Ralph of Diceto, Dean of London, indicates that there was dissension among the cardinals: The fear was that it might lead to schism among them, and it was only with that consideration that the senior cardinal deacon, Iacintus, agreed to his election to the papal throne. The disagreement was undoubtedly over the agreement made by Henry VI and Clement III, that Tusculum would be handed over to the Romans, an abandonment of longstanding papal policy fortified by treaty. The Continuator of Sigebert of Gembloux remarks on both the dissension and the duplicity among the Romans and the cardinals.

Cardinal Iacintus took the name Celestine III.

When Pope Celestine saw King Henry approaching, he put off his own consecration in order to postpone Henry's.

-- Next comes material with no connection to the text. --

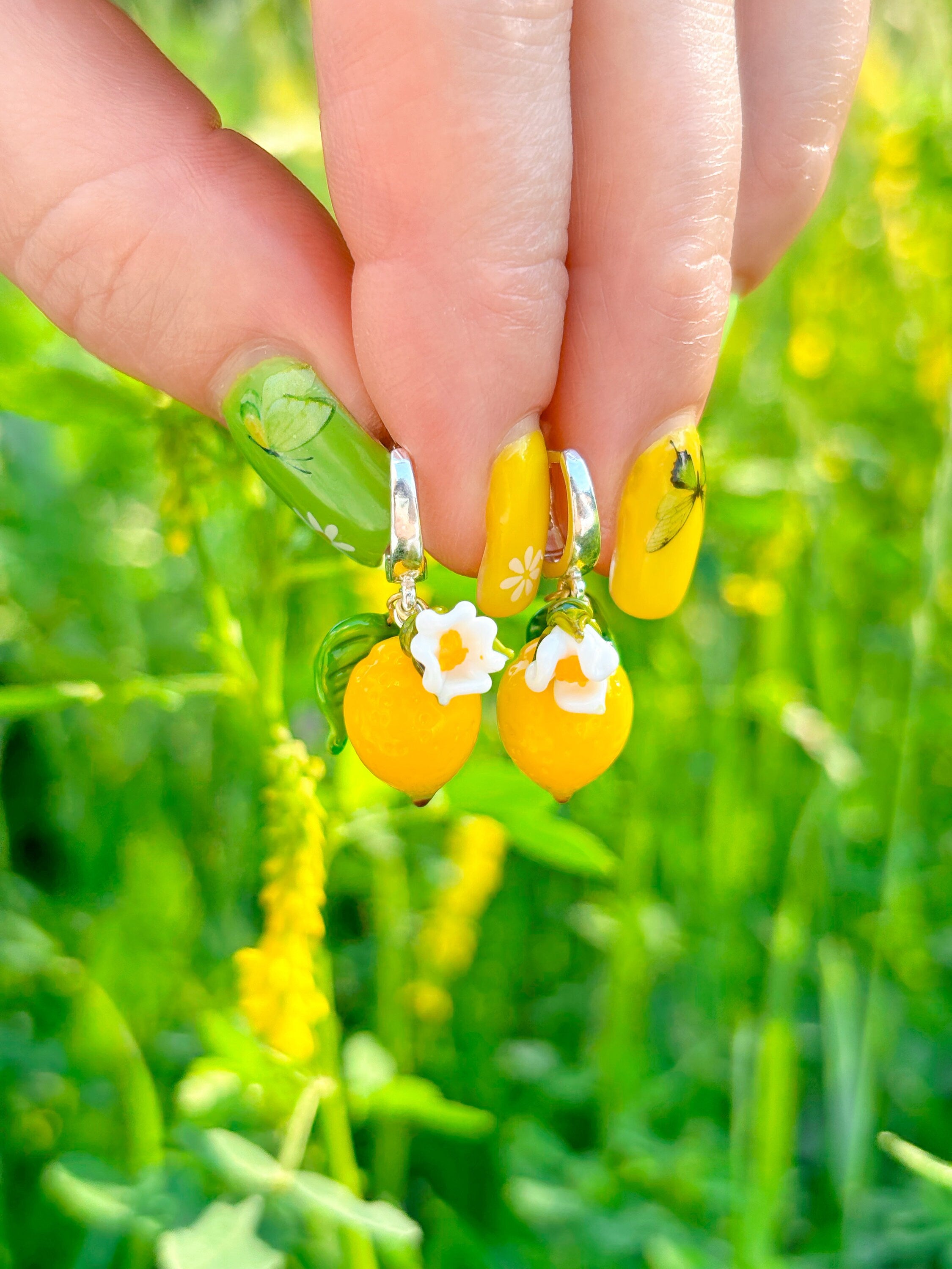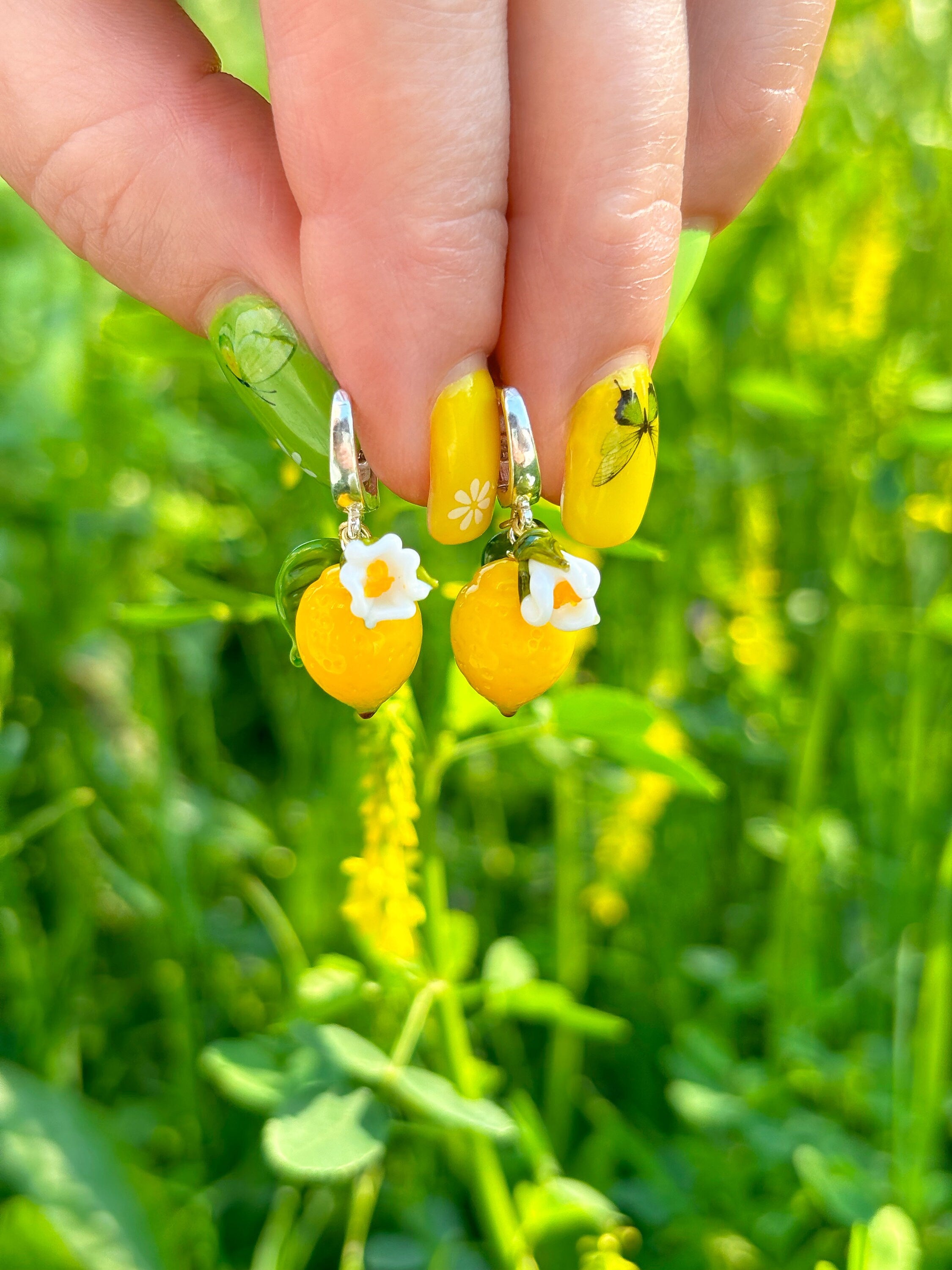 Discover these summer, nature-inspired lemon earrings with flowers🍋

After the election, and before King Henry could draw near Rome, the Roman leaders petitioned Pope Celestine not to anoint and crown Henry emperor until the Pope should obtain agreement from him that the city of Tusculum would be turned over to them. The city had been placed in Pope Clement's custody, but the Tusculans had turned to the king and invoked his patrocinia. The Romans vigorously pressed (instantissime proponentes) on the pope that this was the way to get Tusculum into Roman hands, as the previous agreement had specified. Celestine agreed to their proposal. He immediately sent negotiators (nuntios) to the king, who firmly proposed to him that, in the light of the previous agreement between the pope and the Romans (at the beginning of Clement's reign), it was necessary for Tusculum to be handed over to the pope by the king.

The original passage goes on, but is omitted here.